Certain examples described herein may include none, some, or all of the above described features and/or advantages. Further, additional features and/or advantages may be readily apparent to persons of ordinary skill in the art based on reading the figures, descriptions, and claims included herein.

BRIEF DESCRIPTION OF THE DRAWINGS

For a more complete understanding of the present disclosure and its features and advantages, reference is now made to the following description, taken in conjunction with the accompanying figures.

FIG. 1 shows an overview of a portfolio management technique that implements aspects of a method of momentum trading using a plurality of deep reinforcement learning models according to some embodiments.

FIG. 2 shows aspects of training an individual deep reinforcement learning model according to some embodiments.

FIG. 3 shows a flow chart method for momentum trading using a plurality of deep reinforcement learning models according to some embodiments.

FIG. 4 shows an example computing system configured for implementing aspects of the methods and processes disclosed herein.

DETAILED DESCRIPTION OF THE DRAWINGS I. Portfolio Management Technique Overview

FIG. 1 shows an overview of a portfolio management technique 100 that implements aspects of a method of momentum trading using a plurality of deep reinforcement learning models according to some embodiments.

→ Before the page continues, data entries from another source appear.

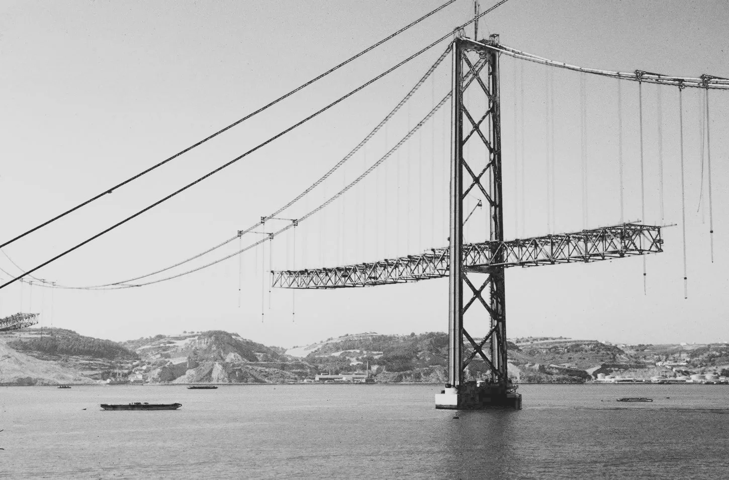 Veja imagens da construção e dos primeiros dias de vida da Ponte 25 de Abril, que estão disponíveis no Arquivo Municipal de Lisboa e da Biblioteca de Arte da Fundação Calouste Gulbenkian.
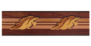 Wood border and corner shown in American Cherry, Birdseye Maple, Jarrah, Purpleheart, Tigerwood, Wenge, Yellowheart
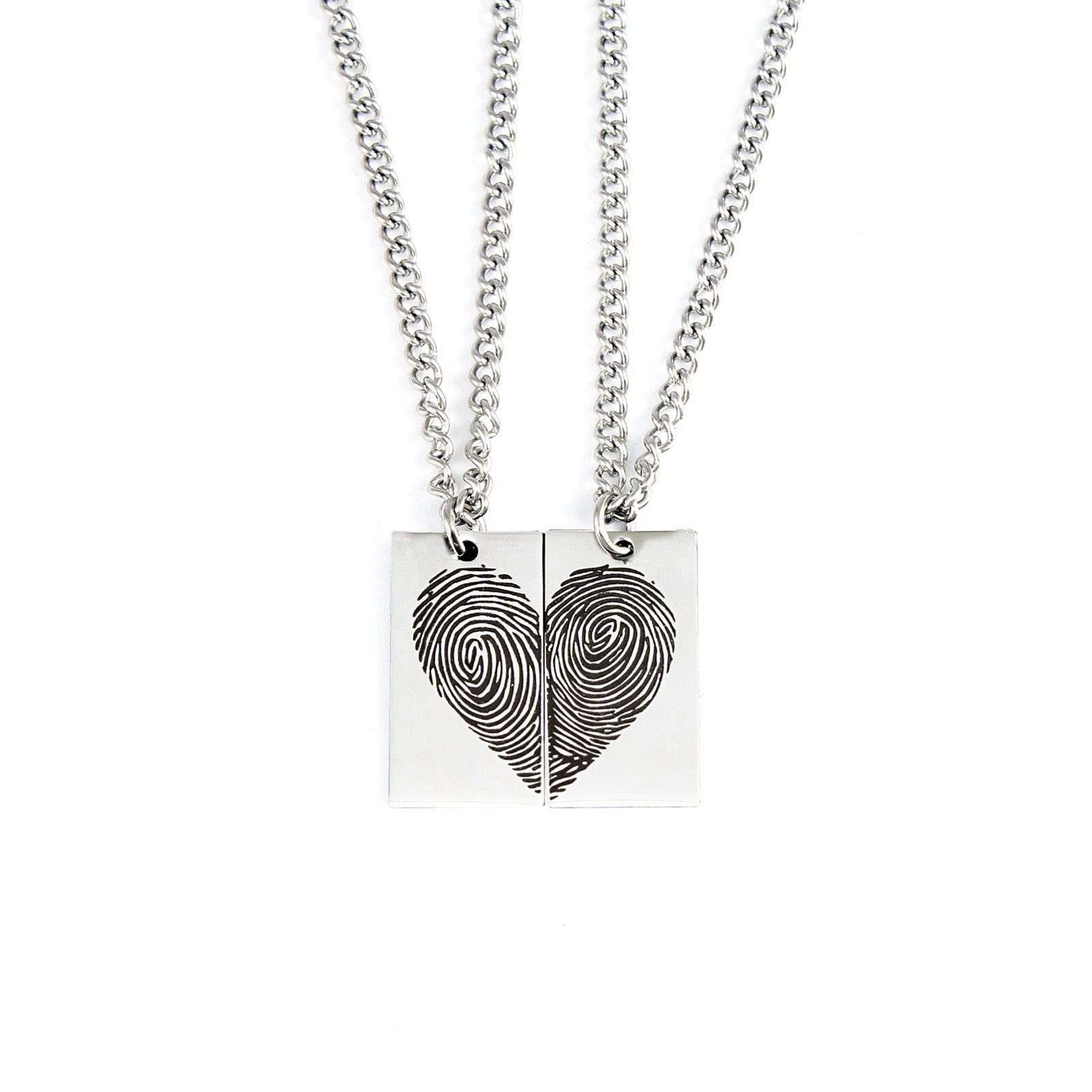 Lot de 2 Colliers D'amitié - Coeur Empreinte de Doigts - BFF - Best Friends Forever - Amoureux Couple Amitié - Acier Inoxydable
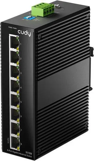 Cudy 8 Port Gigabit PoE Industrial Network Switch, 802.3 at/af PoE, DIN-Rail Switch IP40 Rated, Polarity Reverse Protection, Short Circuit Protection, Broadcast Storm Prevention, IG1008P

The portfolio management technique 100 includes compiling and/or maintaining a database 102 that includes information about stocks (or other securities) traded on one or more different exchanges. The database 102 contains data relevant to the stocks (or other securities), including, for each stock (or other security), one or more (or all) of: (i) the name of the stock, (ii) the stock symbol, (iii) a company name (where applicable), (iii) a sector classification, (iv) financial information relating to the stock, such cash flow, debt, income, equity, return on equity, earnings, profits, etc., (v) historical prices of the stock, etc. In some embodiments, the database 102 may additionally include macroeconomic data about the broader economy, sentiment data relating to the securities obtained from articles, social media, etc., and other data suitable for training DRL based machine learning models consistent with the approaches described herein.

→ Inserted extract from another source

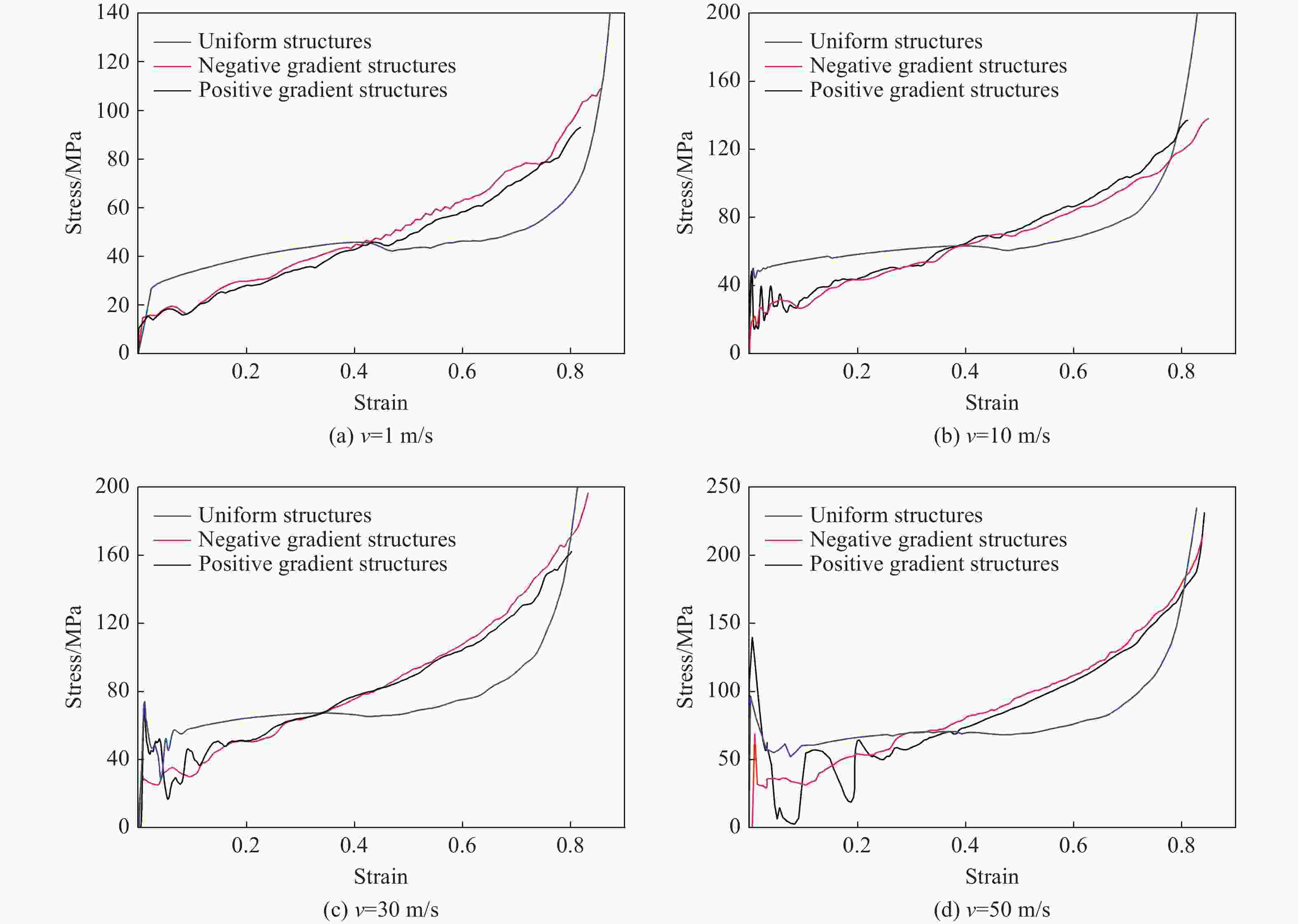 Table  1.   Impact end yield stress $ {\sigma }_{\mathrm{y}} $, plateau stress $ {\sigma }_{\mathrm{p}} $, and stress increased factors ${\sigma _{{\rm{DIF}}}}$ of different structures under different loading velocities

The portfolio management technique 100 uses the information stored in the database 102 for two purposes: (1) a DRL Model Training Stage 104, and (2) a Momentum Stock Identification Stage 106.

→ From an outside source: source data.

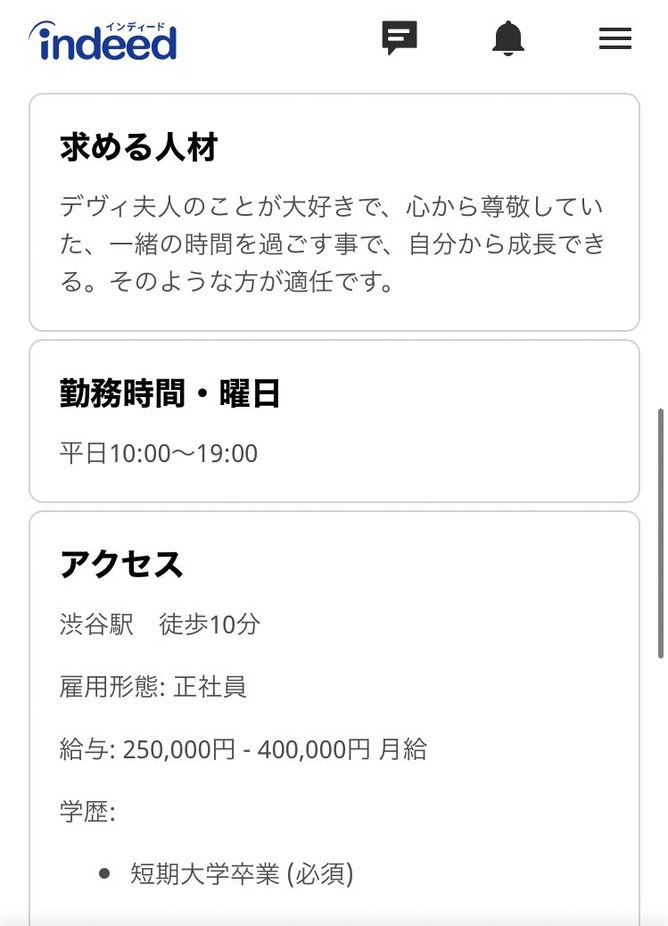 月給25万円、またデヴィ夫人の直面接があると話題になっている。
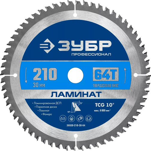 ЗУБР Ламинат, 210 х 30 мм, 64Т, пильный диск по ламинату, Профессионал (36930-210-30-64)
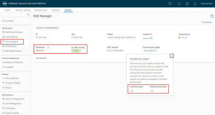Once onboarding is successful, NSX Inventory Sync and Infrastructure Sync agents in SSP should have a status of UP and the connectivity status should be Stable.
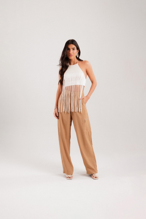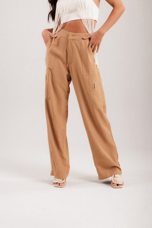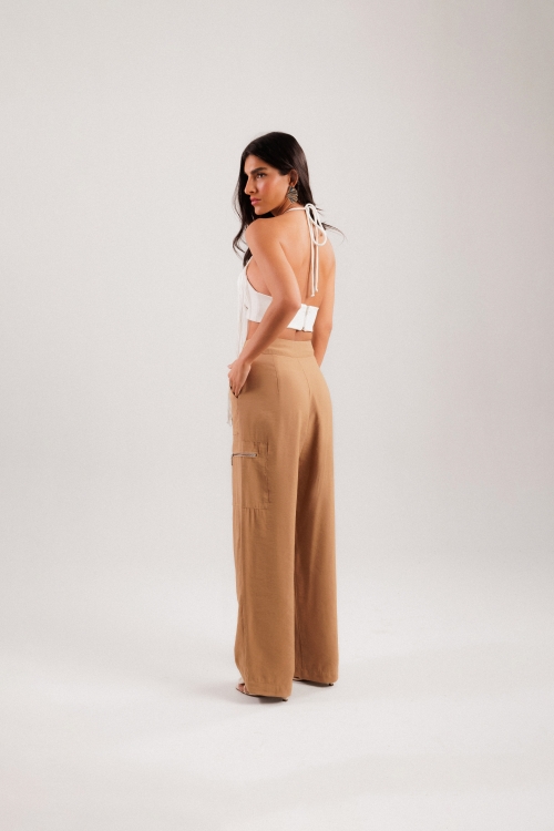 Calça desenvolvida em tecido alfaiataria de composição viscose, com bolsos laterais com zíper niquelado e forro.

During the DRL Model Training Stage 104, the different DRL models are trained on the data from the database 102 using different DRL algorithms to generate different sets of trading strategies. As described in more detail with reference to FIG. 2, training one DRL model includes using a DRL agent (e.g., DRL agent 202 in FIG. 2) to interact with the data contained in the database 102 (referred to as environment 204 in FIG. 2) to learn DRL trading policies. In operation, the DRL agent uses a particular DRL algorithm to interact with the data contained in the database 102. In some embodiments, each DRL model uses its own DRL agent, and each DRL agent uses a different DRL algorithm. As a result, the DRL trading policies learned by each DRL agent are different.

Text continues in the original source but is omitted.